▶ [What is being asked]: Would you return the data exactly as given, except for its pictures?

▶ [Task material]:
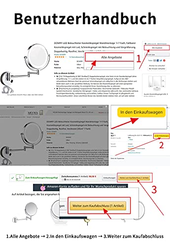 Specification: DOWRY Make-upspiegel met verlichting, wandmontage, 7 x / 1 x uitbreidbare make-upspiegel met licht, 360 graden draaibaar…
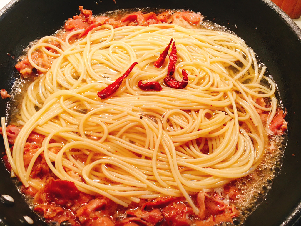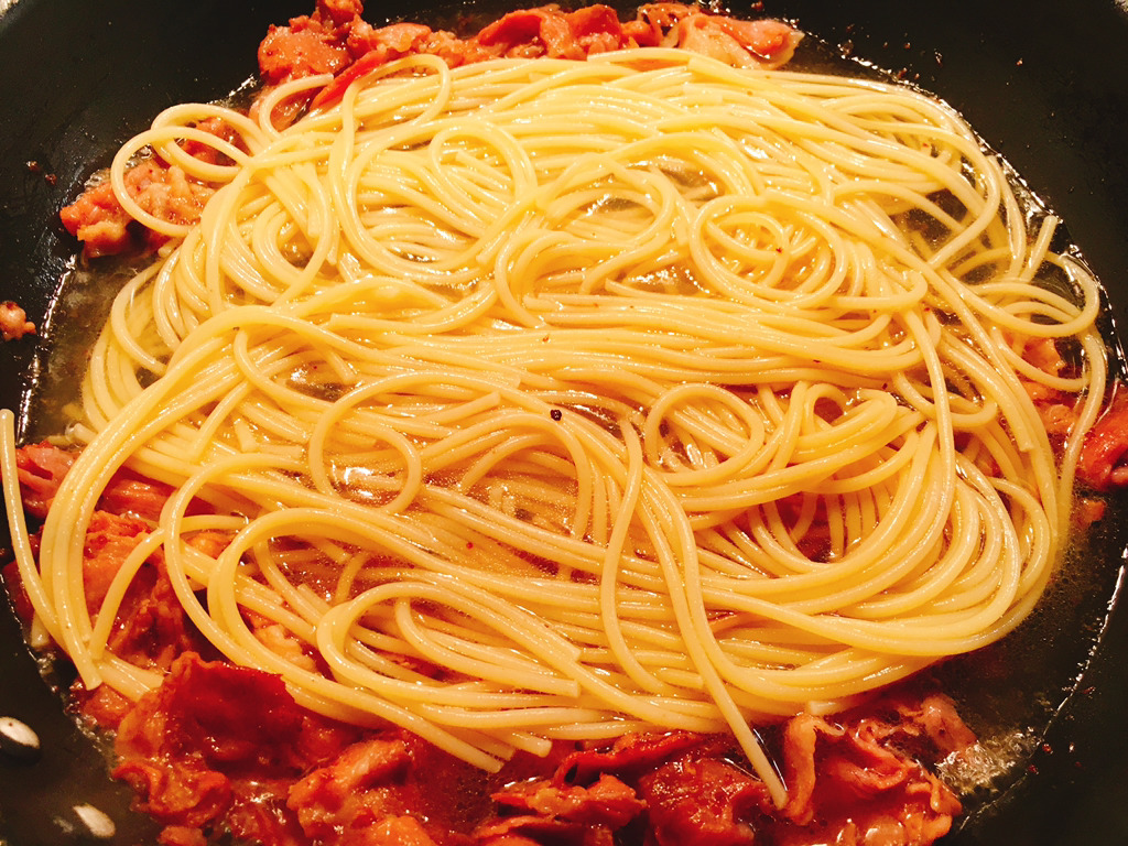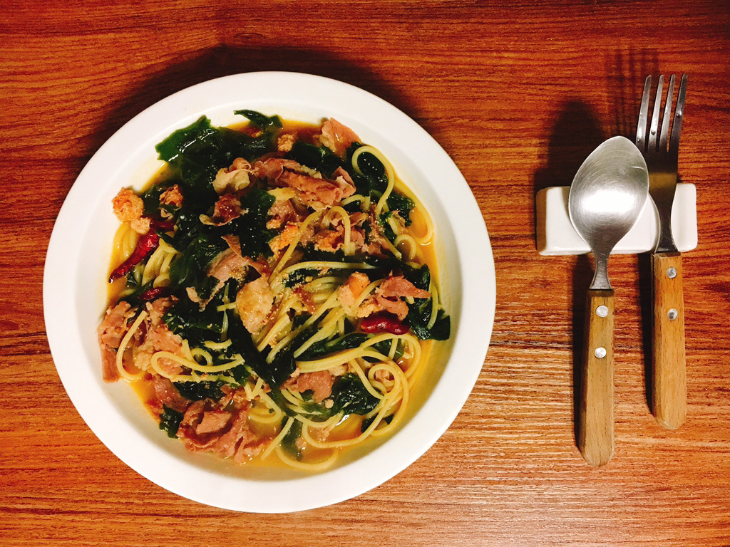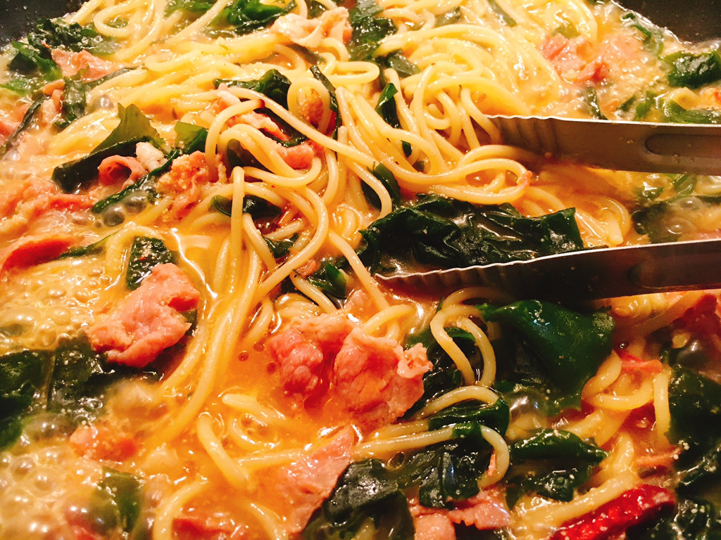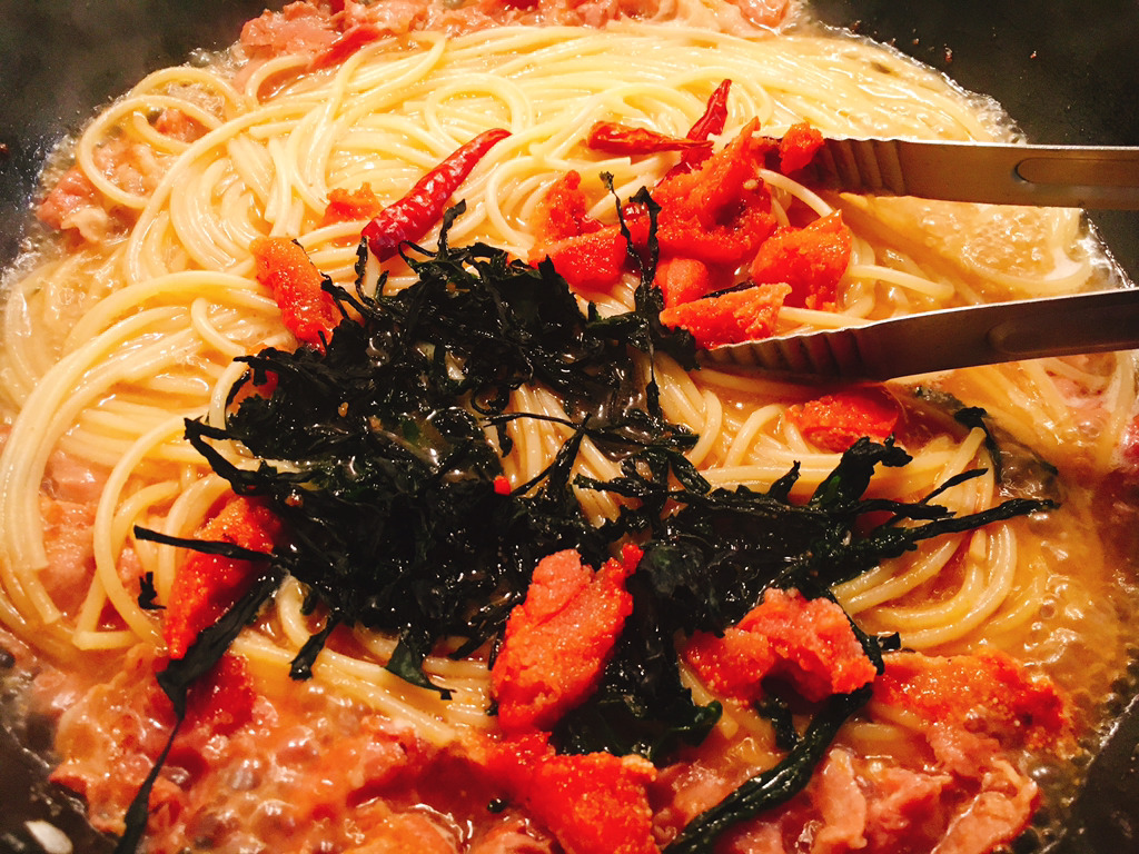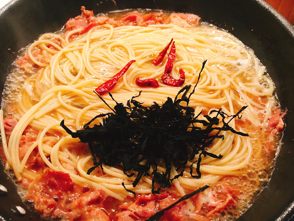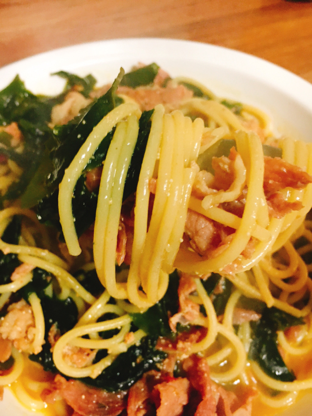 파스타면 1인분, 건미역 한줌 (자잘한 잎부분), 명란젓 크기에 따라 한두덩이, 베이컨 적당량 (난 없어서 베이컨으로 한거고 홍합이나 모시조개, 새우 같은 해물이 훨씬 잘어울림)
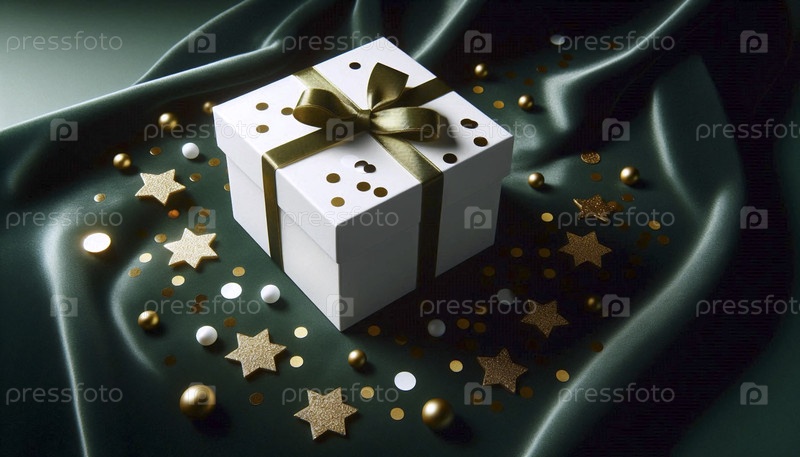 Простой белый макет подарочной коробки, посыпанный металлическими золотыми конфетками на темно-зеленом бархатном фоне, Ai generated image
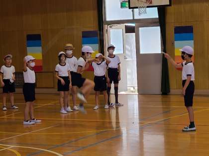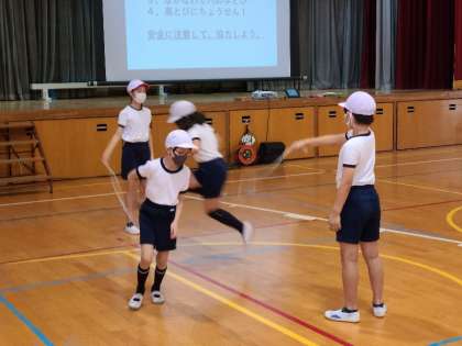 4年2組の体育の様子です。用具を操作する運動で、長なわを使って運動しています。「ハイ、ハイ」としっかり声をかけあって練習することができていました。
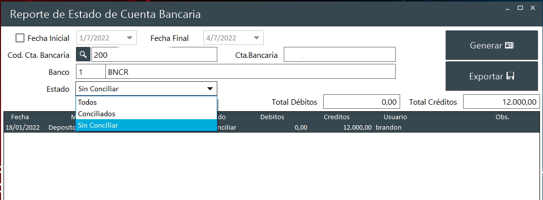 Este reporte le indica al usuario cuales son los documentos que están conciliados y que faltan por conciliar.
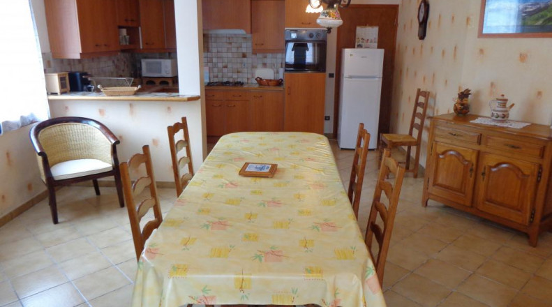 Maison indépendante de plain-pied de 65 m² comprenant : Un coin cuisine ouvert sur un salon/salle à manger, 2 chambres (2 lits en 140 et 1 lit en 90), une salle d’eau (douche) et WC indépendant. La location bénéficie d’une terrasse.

▶ [Expected output]:
 Specification: DOWRY Make-upspiegel met verlichting, wandmontage, 7 x / 1 x uitbreidbare make-upspiegel met licht, 360 graden draaibaar…
 파스타면 1인분, 건미역 한줌 (자잘한 잎부분), 명란젓 크기에 따라 한두덩이, 베이컨 적당량 (난 없어서 베이컨으로 한거고 홍합이나 모시조개, 새우 같은 해물이 훨씬 잘어울림)
 Простой белый макет подарочной коробки, посыпанный металлическими золотыми конфетками на темно-зеленом бархатном фоне, Ai generated image
 4年2組の体育の様子です。用具を操作する運動で、長なわを使って運動しています。「ハイ、ハイ」としっかり声をかけあって練習することができていました。
 Este reporte le indica al usuario cuales son los documentos que están conciliados y que faltan por conciliar.
 Maison indépendante de plain-pied de 65 m² comprenant : Un coin cuisine ouvert sur un salon/salle à manger, 2 chambres (2 lits en 140 et 1 lit en 90), une salle d’eau (douche) et WC indépendant. La location bénéficie d’une terrasse.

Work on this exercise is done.